Join us and get access to thousands of tutorials and a community of expert Pythonistas.

Unlock This Lesson

This lesson is for members only. Join us and get access to thousands of tutorials and a community of expert Pythonistas.

Unlock This Lesson

Archiving Files

00:00 In this lesson, I’m going to show you how to manipulate archive files like ZIP and TAR files. These files are convenient because they package multiple files into one, often compressed, version of that multiple file set.

00:16 They can be very helpful, especially when you need to save space, or send files over a network, or something like that. The rest of this lesson will kind of be organized into a two-part sequence.

00:27 First, I’ll show you the zipfile.ZipFile() function and object, which will let you manipulate ZIP files on a really—kind of a low level, you might say?

00:38 As in, you can work with the individual files involved from that ZIP, you can extract single files, and so on. It’s kind of a granular approach to working with ZIP files.

00:49 And that approach will also translate to the tarfile module, which I’m not going to really cover in this tutorial, but it has very similar syntax and usability to the zipfile module.

00:59 And then in the second section, I’ll show you the shutil.make_archive() and .unpack_archive() functions that

01:07 make all of this super easy, but remove a little bit of that granular control. So, as I said, zipfile.ZipFile() makes working with ZIP files almost like working with any other file, and then they have .extract() and .extract_all() functions to get those files back out of the ZIP.

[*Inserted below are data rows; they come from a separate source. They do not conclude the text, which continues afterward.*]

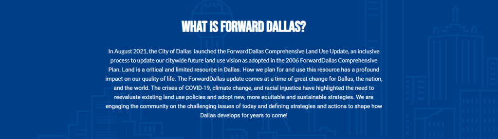 ForwardDallas is the Comprehensive Land Use Plan for the City of Dallas. It was first created and adopted in 2006 and has not been updated since then. A Comprehensive Land Use Plan informs development, investment and can inform zoning changes in the City. This is why it is so important. Neighborhoods that are dealing with a lack of investment, fighting zoning changes that impact their health and quality of life, and development that is not aligned with the neighborhodos vision, have a chance to tell the City what we want in our communities!
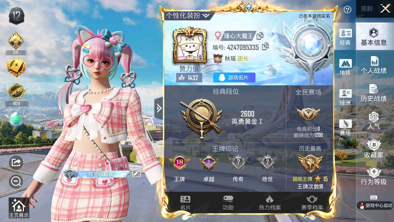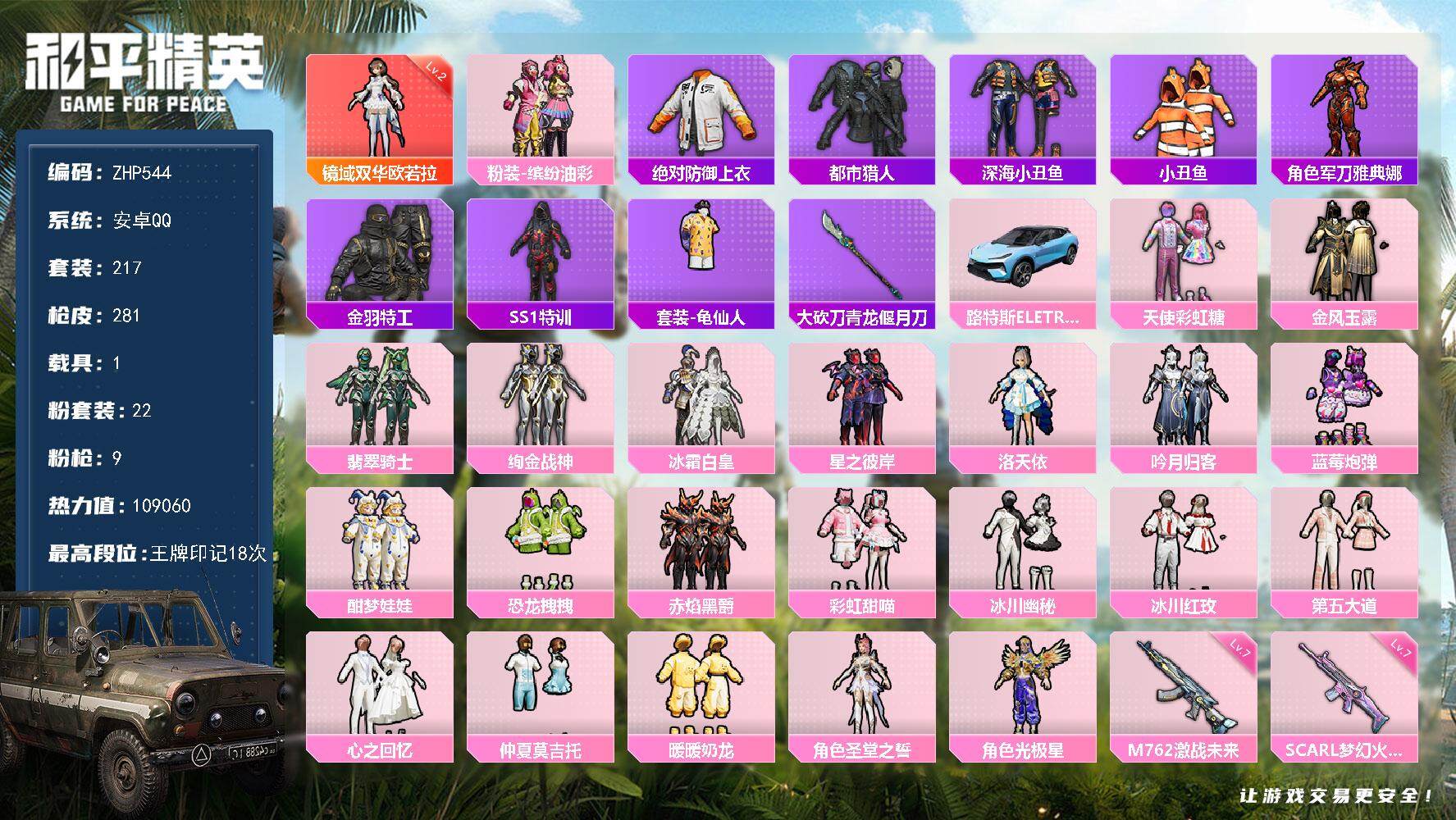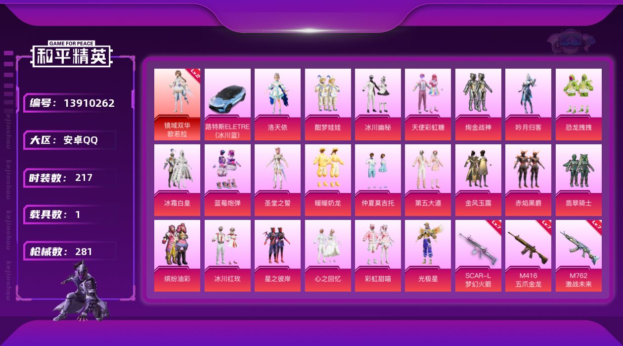 [13910262]满天赋-安卓 手Q-1神装-22粉装-9特效枪-1载具-8粉色飞行器-109060热力值-18王牌印记-217套装-281枪皮
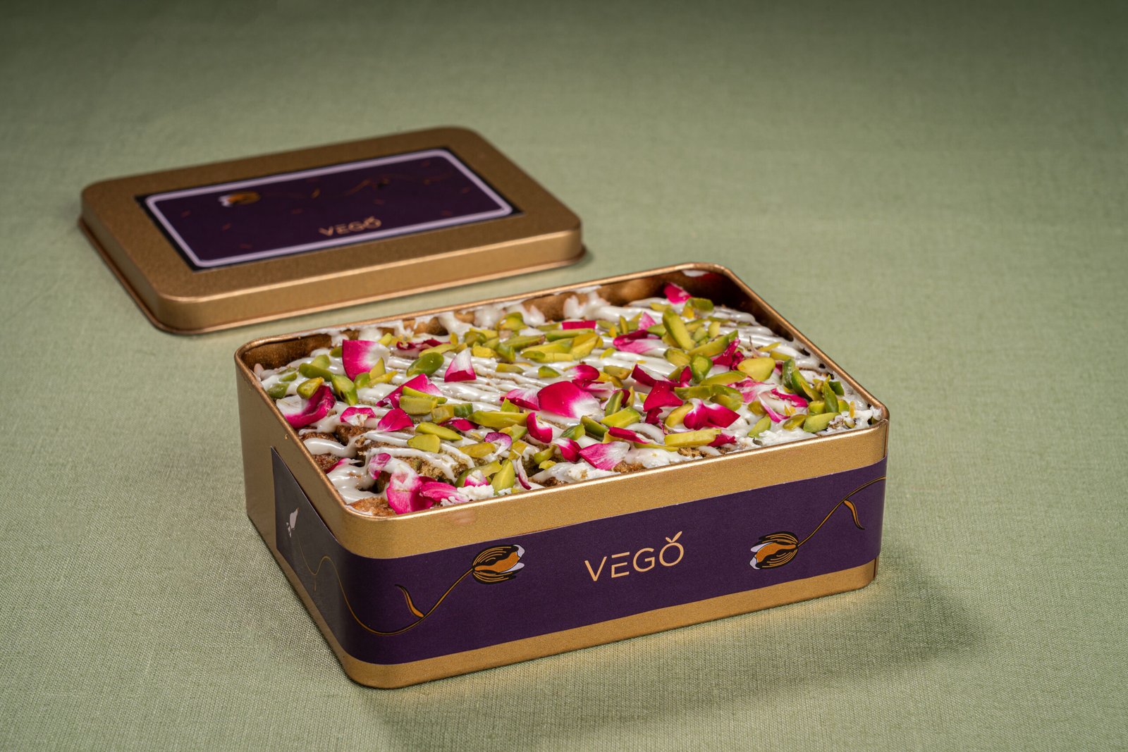 Rose infused tea cake enriched with crunchy pistachios, offering a perfect blend of floral aroma and nutty elegance.

01:22 Then the shutil.make_archive() and unpack_archive() functions are pretty much just—give this a bunch of files and it will make them into a ZIP file, or a TAR file, or whatever you want, and then give this the archive and it will extract it all for you.

01:36 So kind of, like, the hard, but more granular approach versus the easy, but a little bit less flexible version. For the tutorial I’ll use a super-simple sample directory that I’ll then just recombine, and zip and tar in multiple ways, and just start making a whole bunch of crazy stuff happen there.

01:56 So let’s take a look at how this works over in the REPL.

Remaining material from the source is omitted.